PROBLEM TO SOLVE>
Restate, exactly as written, the entries below from the line that holds "ICON Women's Casual" through the line that holds "pintado por mim)". Pictures are not part of the copy.

DATA RECORDS>

---------------

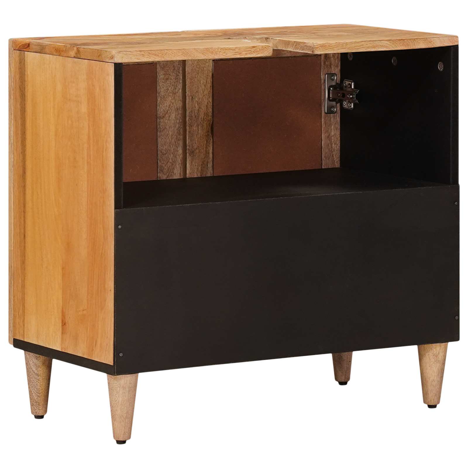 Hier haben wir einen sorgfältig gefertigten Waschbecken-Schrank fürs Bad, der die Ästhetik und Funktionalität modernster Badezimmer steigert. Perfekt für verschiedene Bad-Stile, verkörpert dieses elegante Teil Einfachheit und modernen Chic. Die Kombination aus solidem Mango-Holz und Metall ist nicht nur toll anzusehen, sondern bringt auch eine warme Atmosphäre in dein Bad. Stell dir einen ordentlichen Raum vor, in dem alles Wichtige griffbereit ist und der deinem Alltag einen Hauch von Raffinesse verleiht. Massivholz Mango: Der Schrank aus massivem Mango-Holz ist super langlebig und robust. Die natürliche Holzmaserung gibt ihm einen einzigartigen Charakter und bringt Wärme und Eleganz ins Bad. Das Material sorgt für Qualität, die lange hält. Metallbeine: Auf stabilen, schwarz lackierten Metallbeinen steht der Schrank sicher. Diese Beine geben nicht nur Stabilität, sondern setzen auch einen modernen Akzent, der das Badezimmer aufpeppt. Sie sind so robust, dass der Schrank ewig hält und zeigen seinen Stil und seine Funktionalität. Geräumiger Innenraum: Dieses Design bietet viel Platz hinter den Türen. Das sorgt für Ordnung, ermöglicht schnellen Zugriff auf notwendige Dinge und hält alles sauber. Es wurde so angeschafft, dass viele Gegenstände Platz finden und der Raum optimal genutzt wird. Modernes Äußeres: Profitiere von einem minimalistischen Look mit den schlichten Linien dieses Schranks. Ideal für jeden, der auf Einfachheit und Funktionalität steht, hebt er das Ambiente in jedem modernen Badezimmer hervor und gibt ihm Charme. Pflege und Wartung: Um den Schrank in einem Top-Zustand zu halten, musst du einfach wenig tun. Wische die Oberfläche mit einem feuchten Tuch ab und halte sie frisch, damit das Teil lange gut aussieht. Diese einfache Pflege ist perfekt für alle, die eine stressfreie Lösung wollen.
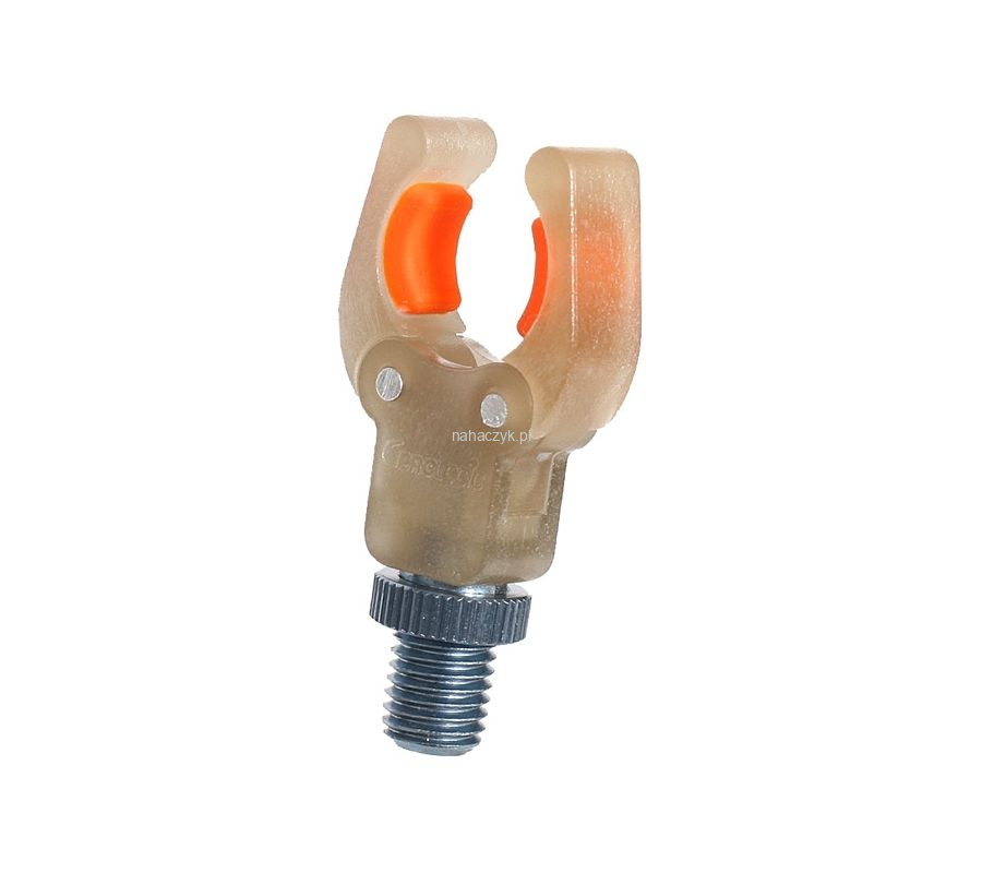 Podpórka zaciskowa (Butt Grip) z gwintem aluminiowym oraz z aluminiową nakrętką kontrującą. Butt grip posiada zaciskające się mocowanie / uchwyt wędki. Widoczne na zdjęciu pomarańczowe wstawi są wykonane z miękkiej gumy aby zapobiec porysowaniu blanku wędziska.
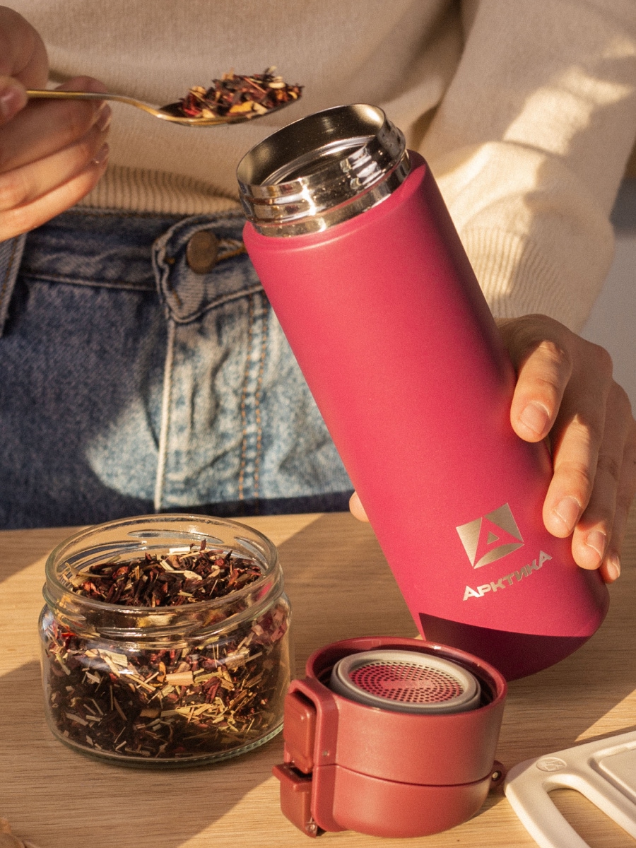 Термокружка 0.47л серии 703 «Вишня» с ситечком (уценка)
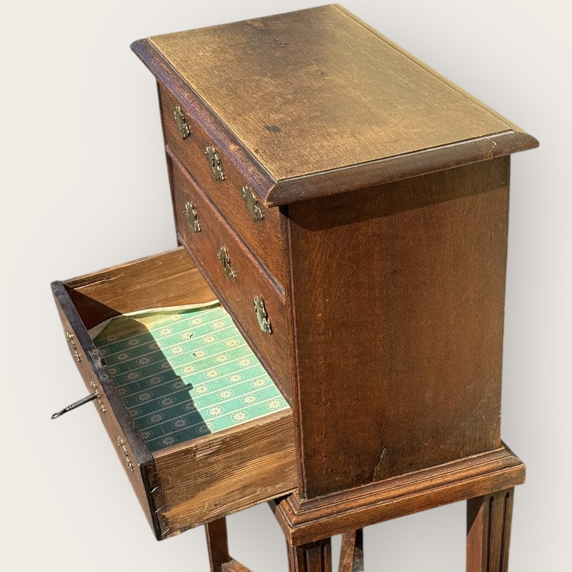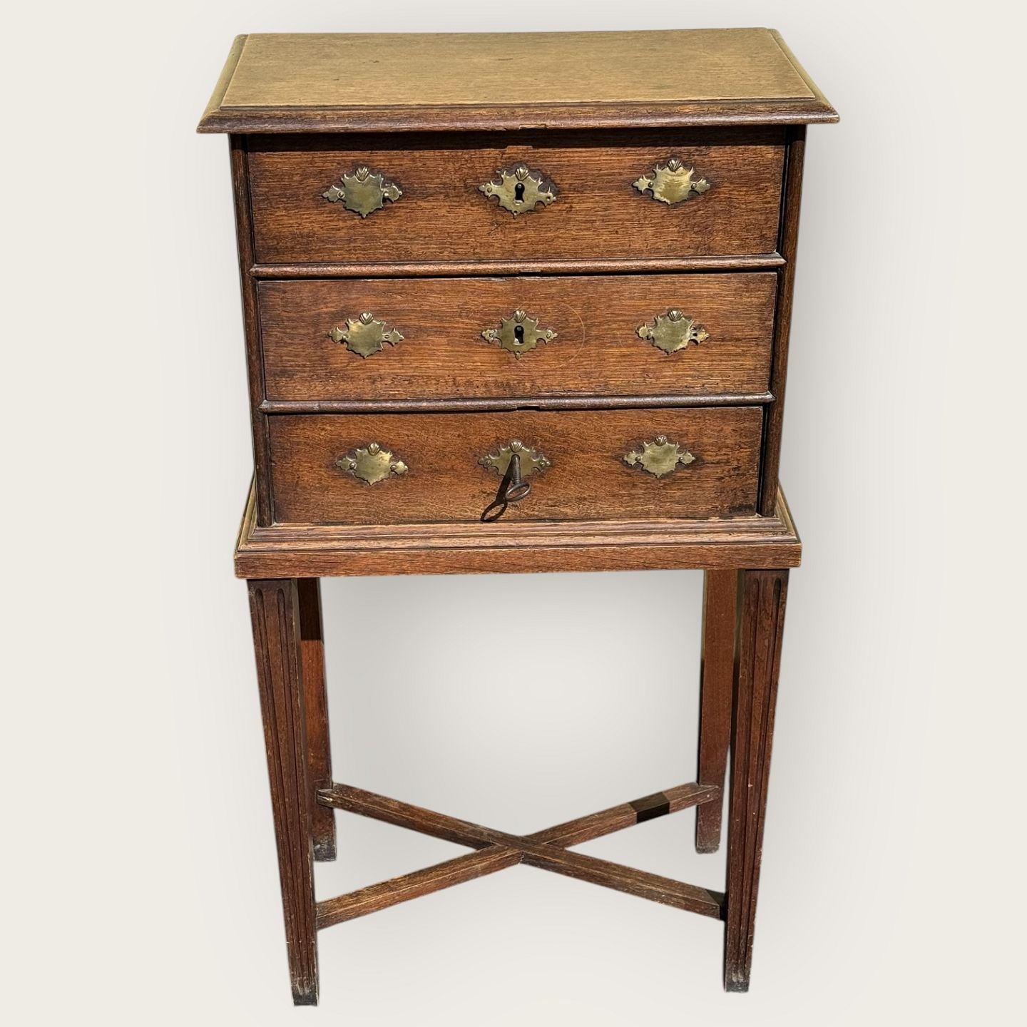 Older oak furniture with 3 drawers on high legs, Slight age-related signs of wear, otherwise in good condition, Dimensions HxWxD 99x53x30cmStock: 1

---------------

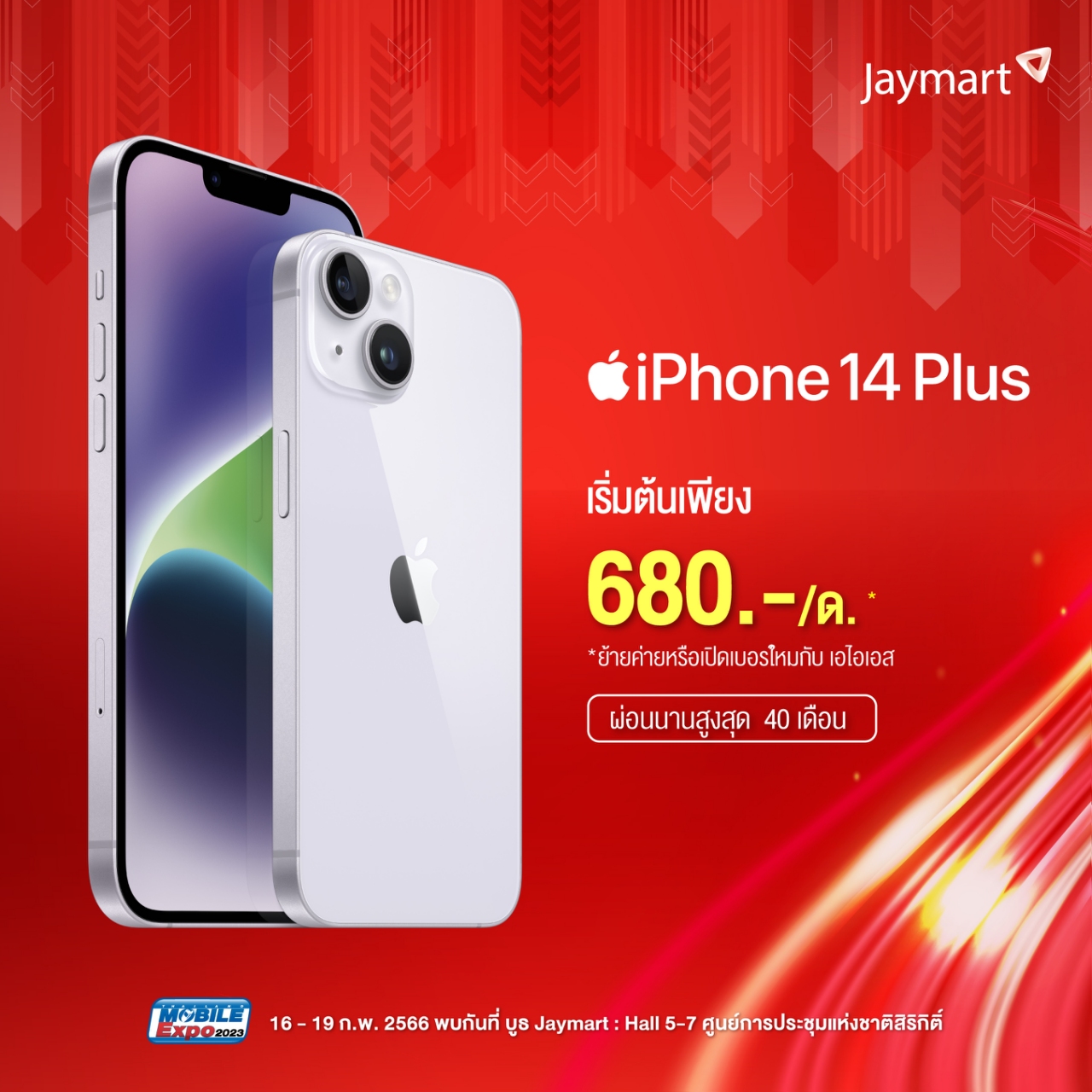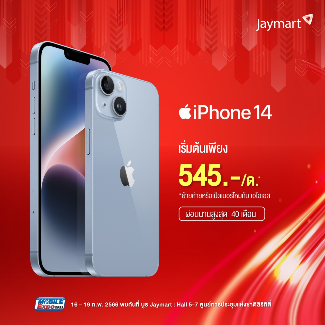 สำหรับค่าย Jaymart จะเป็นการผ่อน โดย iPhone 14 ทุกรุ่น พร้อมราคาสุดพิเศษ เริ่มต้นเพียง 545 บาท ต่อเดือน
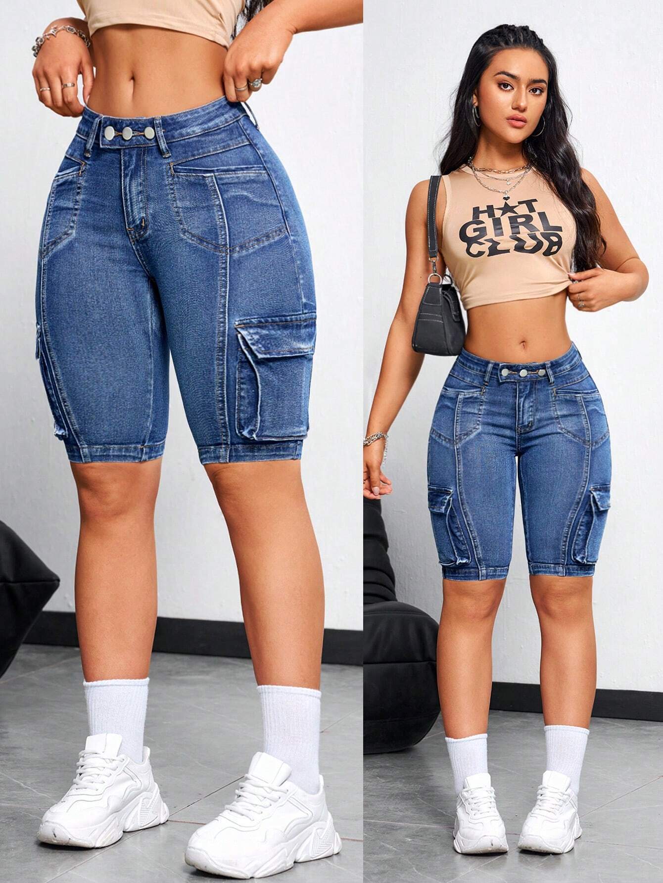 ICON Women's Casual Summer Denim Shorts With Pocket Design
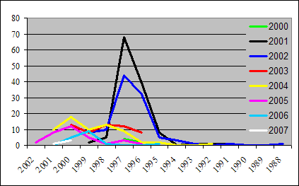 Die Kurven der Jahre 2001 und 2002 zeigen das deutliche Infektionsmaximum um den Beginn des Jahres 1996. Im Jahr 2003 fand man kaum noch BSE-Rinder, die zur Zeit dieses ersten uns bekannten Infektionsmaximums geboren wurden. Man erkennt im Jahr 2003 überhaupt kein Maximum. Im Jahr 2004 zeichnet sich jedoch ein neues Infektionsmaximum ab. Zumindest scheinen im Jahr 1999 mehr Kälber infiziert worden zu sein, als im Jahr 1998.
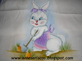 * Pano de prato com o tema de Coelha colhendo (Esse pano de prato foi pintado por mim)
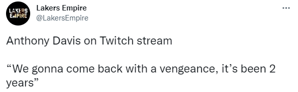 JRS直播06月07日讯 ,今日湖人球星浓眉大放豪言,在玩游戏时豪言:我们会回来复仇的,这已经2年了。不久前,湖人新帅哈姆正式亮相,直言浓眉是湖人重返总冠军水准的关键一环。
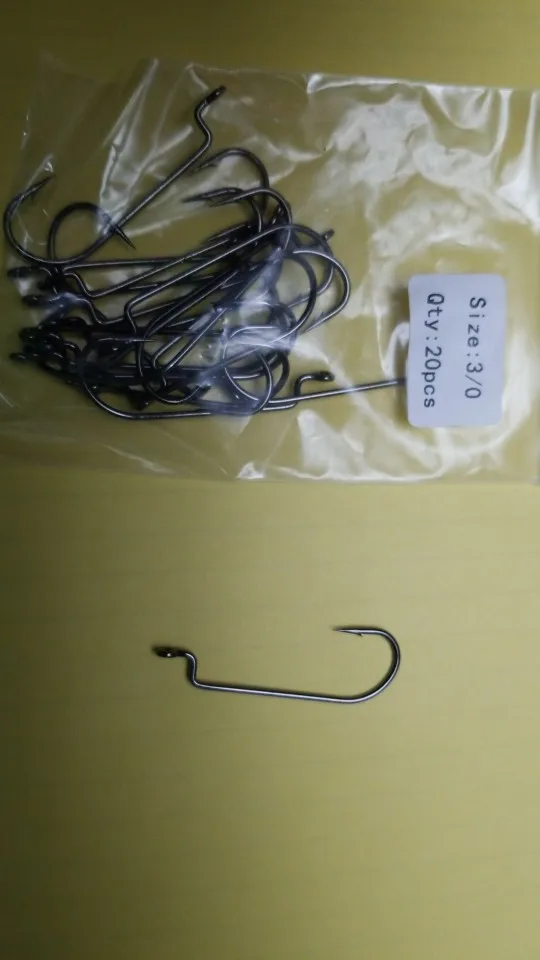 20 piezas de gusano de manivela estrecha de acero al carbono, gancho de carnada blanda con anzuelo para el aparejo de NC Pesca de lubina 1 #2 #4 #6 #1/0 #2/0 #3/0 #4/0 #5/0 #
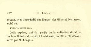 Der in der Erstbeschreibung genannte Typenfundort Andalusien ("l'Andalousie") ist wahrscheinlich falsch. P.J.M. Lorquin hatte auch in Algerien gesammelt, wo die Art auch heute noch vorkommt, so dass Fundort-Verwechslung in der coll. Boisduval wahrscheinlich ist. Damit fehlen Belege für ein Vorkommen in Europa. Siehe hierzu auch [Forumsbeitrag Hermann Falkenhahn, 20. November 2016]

---------------

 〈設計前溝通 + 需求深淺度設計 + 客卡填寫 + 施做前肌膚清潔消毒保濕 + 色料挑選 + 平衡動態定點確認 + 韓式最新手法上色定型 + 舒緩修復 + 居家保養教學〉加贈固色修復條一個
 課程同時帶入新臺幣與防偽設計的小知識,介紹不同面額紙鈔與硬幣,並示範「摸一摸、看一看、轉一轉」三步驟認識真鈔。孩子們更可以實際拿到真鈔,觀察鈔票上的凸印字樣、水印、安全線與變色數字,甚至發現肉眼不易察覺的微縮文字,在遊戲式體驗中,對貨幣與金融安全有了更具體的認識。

---------------

TASK RESPONSE>
 ICON Women's Casual Summer Denim Shorts With Pocket Design
 Die Kurven der Jahre 2001 und 2002 zeigen das deutliche Infektionsmaximum um den Beginn des Jahres 1996. Im Jahr 2003 fand man kaum noch BSE-Rinder, die zur Zeit dieses ersten uns bekannten Infektionsmaximums geboren wurden. Man erkennt im Jahr 2003 überhaupt kein Maximum. Im Jahr 2004 zeichnet sich jedoch ein neues Infektionsmaximum ab. Zumindest scheinen im Jahr 1999 mehr Kälber infiziert worden zu sein, als im Jahr 1998.
 * Pano de prato com o tema de Coelha colhendo (Esse pano de prato foi pintado por mim)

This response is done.